7. Incubate the plate agar side down for
two or three days.
( Teacher Tips
)
STEPS IN RESTORING THE AEROBIC ENVIRONMENT
Effect of Aerobic growth on color
Exposing the cells to air (O2):
1. Make a sketch of the plate and show
where the yeast is pink and where
cream colored. Also, note any other
features such as gas bubbles between
the layers of agar.
2. Cut the top layer of the folded agar in
half with a sterile toothpick.
Figure
Use another toothpick to lift one of the new
quarters.
Lay the new quarter back in its original position
with the cells facing upward.
3. Watch for change in the color of the
cells over the next few hours, if
possible, or on the following day.
4. Make a sketch of the plate and jot
down any changes you see in the yeast
color.
Analyze your observations:
1. Is there any part in the sandwich where the yeast has not turned pink or red?

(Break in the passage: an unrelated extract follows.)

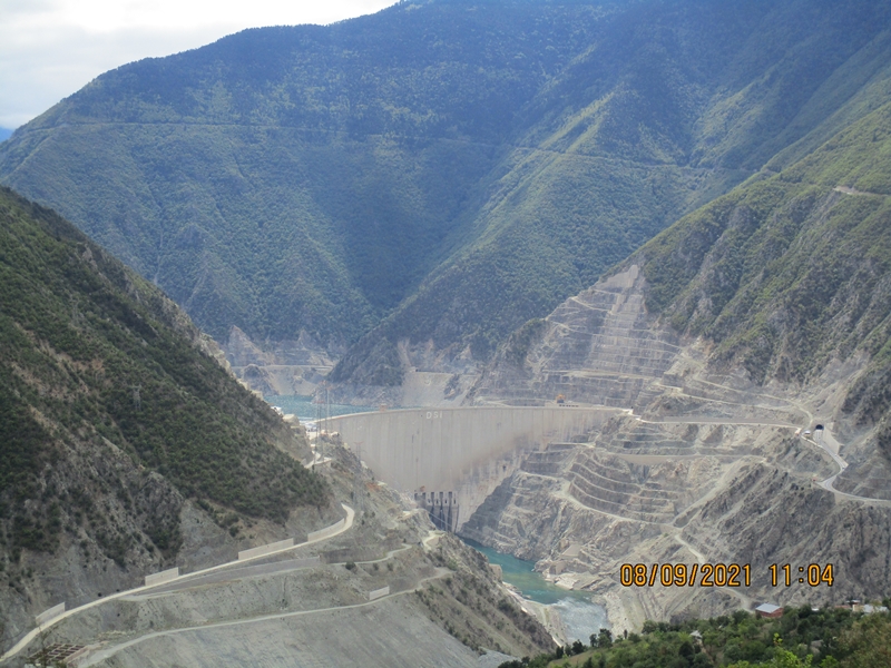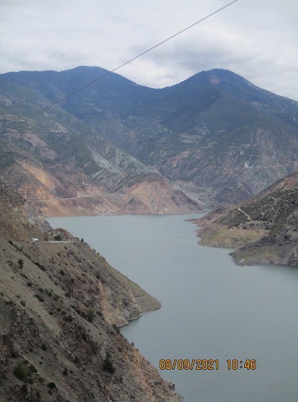 Kmalu sva prišla do področja, kjer so Turki opravljali v dolini obsežna gradbena dela. Povsem na novo je bila speljana cesta proti Artvinu (zanjo so naredili povsem novo traso, z obilico predorov in viaduktov). Midva sva se po dolini spustila navzdol in še malo navzgor, tako da sva prispela v kraj Yusufeli. Nad krajem, dobrih sto metrov više sva videla novozgrajene bloke, kamor želijo preseliti prebivalce današnjega Yusufelija. V kraju je sicer dandanes še povsem običajna živahnost, le na obrobju je gradbišče, kjer gradijo nov most za dostop do novega Yusufelija. Da, tam kjer sva stala, bo nekoč stari Yusufeli preko sto metrov pod vodno gladino. Domnevava, da sva ena izmed zadnjih Slovencev, ki sva še doživela utrip starega Yusufelija. Pa zopet po dolini navzdol. Tokrat sva bila bolj pozorna in sva (kar malo skrit v stranski dolini) zagledala jez Yusufeli, ki od tam niti ni izgledal tako mogočno. Šele pozneje sva prebrala, da je jez visok cca 250 metrov, tako da sodi med pet najvišjih jezov na svetu. Potopljene bodo vse doline, po katerih sva se tisti dan vozila, saj bo dolžina jezera skoraj 50 km. Izredno visoka investicija je opravičena v pridelani električni energiji, ki jo bo ustvarjala voda, ki bo padala skozi jez do elektrarne na njenem dnu. Jez je narejen tako, da ima tri dotoke do elektrarne, najnižji je na višini 160 metrov, najvišji na višini 240 metrov. Na takšen način bodo lahko jezersko vodo učinkovito izrabljali tudi v poletnih in jesenskih mesecih, ko je na tistem koncu padavin relativno malo. Preko zime pa se bo jezero zopet napolnilo do vrha in omogočilo polno zmogljivost elektrarne. Podatki o načrtovani proizvodnji električne energije so kar fascinantni, predvidevajo, da bodo pridelali več energije kot polovica naše nuklearke. Če koga zanima, si lahko več informacij nabere na spletnih straneh, ki opisujejo jez in elektrarno.

2. Is there a reason to think that the yeast growing there might be anaerobic?
3. Do you see any gas bubbles between the layers of agar? If so, can you think of an explanation for them?
4. What conclusion, if any, can you draw from this experiment about the role of oxygen in the formation of the red pigment?
5. Explain whether the change from white to red was a genetic or an environmental effect?
6. Give an explanation for this change or
suggest another experiment you might
do to learn more about it.(Teacher Tips )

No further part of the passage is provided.